=== Raw data ===

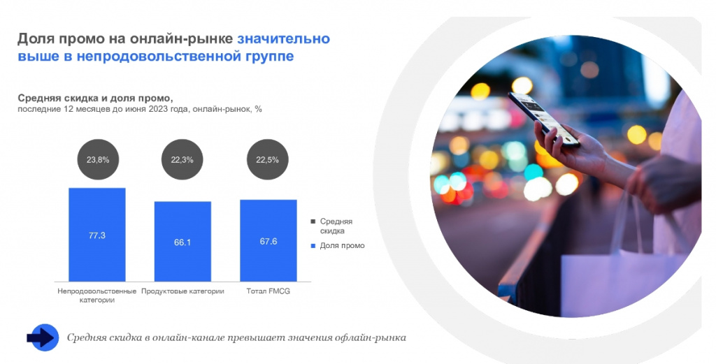 По данным NielsenIQ, за последние 12 месяцев доля продаж товаров повседневного спроса по акциям выросла на 3,6 п.п. до 48%. Особенно активный рост наблюдается в онлайне, где средняя доля промо в деньгах к июню 2023 года почти достигла 70%. Одновременно с этим на протяжении года увеличивалась и глубина скидки, составив 22,5%. Для сравнения: в офлайне величина промо падает, год назад средняя скидка составляла 23%, то сейчас уже не дотягивает и до 20%.
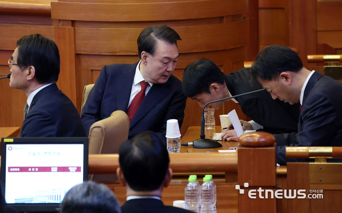 윤석열 대통령이 11일 서울 종로구 헌법재판소에서 열린 탄핵심판 7차 변론기일에 출석해 변호인과 대화하고 있다. /2025.02.11 사진공동취재단
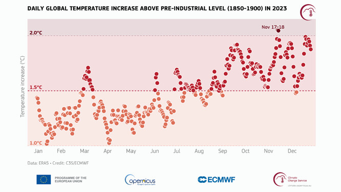 První známky toho, jak neobvyklý bude rok 2023, se začaly objevovat na začátku června, kdy teplotní anomálie ve srovnání s předindustriálním obdobím 1850-1900 dosáhly několik dní po sobě 1,5 °C. Ačkoli to nebylo poprvé, co denní anomálie dosáhly této úrovně, nikdy předtím se to v tomto ročním období nestalo. Po zbytek roku 2023 se globální denní teplotní anomálie nad 1,5 °C stávaly pravidelným jevem, a to až do té míry, že téměř 50 % dnů v roce 2023 bylo o více než 1,5 °C nad úrovní z let 1850-1900.

===

Exercise description: Where a picture appears in the material above, skip it, and print the rest exactly.

Your solution:
 По данным NielsenIQ, за последние 12 месяцев доля продаж товаров повседневного спроса по акциям выросла на 3,6 п.п. до 48%. Особенно активный рост наблюдается в онлайне, где средняя доля промо в деньгах к июню 2023 года почти достигла 70%. Одновременно с этим на протяжении года увеличивалась и глубина скидки, составив 22,5%. Для сравнения: в офлайне величина промо падает, год назад средняя скидка составляла 23%, то сейчас уже не дотягивает и до 20%.
 윤석열 대통령이 11일 서울 종로구 헌법재판소에서 열린 탄핵심판 7차 변론기일에 출석해 변호인과 대화하고 있다. /2025.02.11 사진공동취재단
 První známky toho, jak neobvyklý bude rok 2023, se začaly objevovat na začátku června, kdy teplotní anomálie ve srovnání s předindustriálním obdobím 1850-1900 dosáhly několik dní po sobě 1,5 °C. Ačkoli to nebylo poprvé, co denní anomálie dosáhly této úrovně, nikdy předtím se to v tomto ročním období nestalo. Po zbytek roku 2023 se globální denní teplotní anomálie nad 1,5 °C stávaly pravidelným jevem, a to až do té míry, že téměř 50 % dnů v roce 2023 bylo o více než 1,5 °C nad úrovní z let 1850-1900.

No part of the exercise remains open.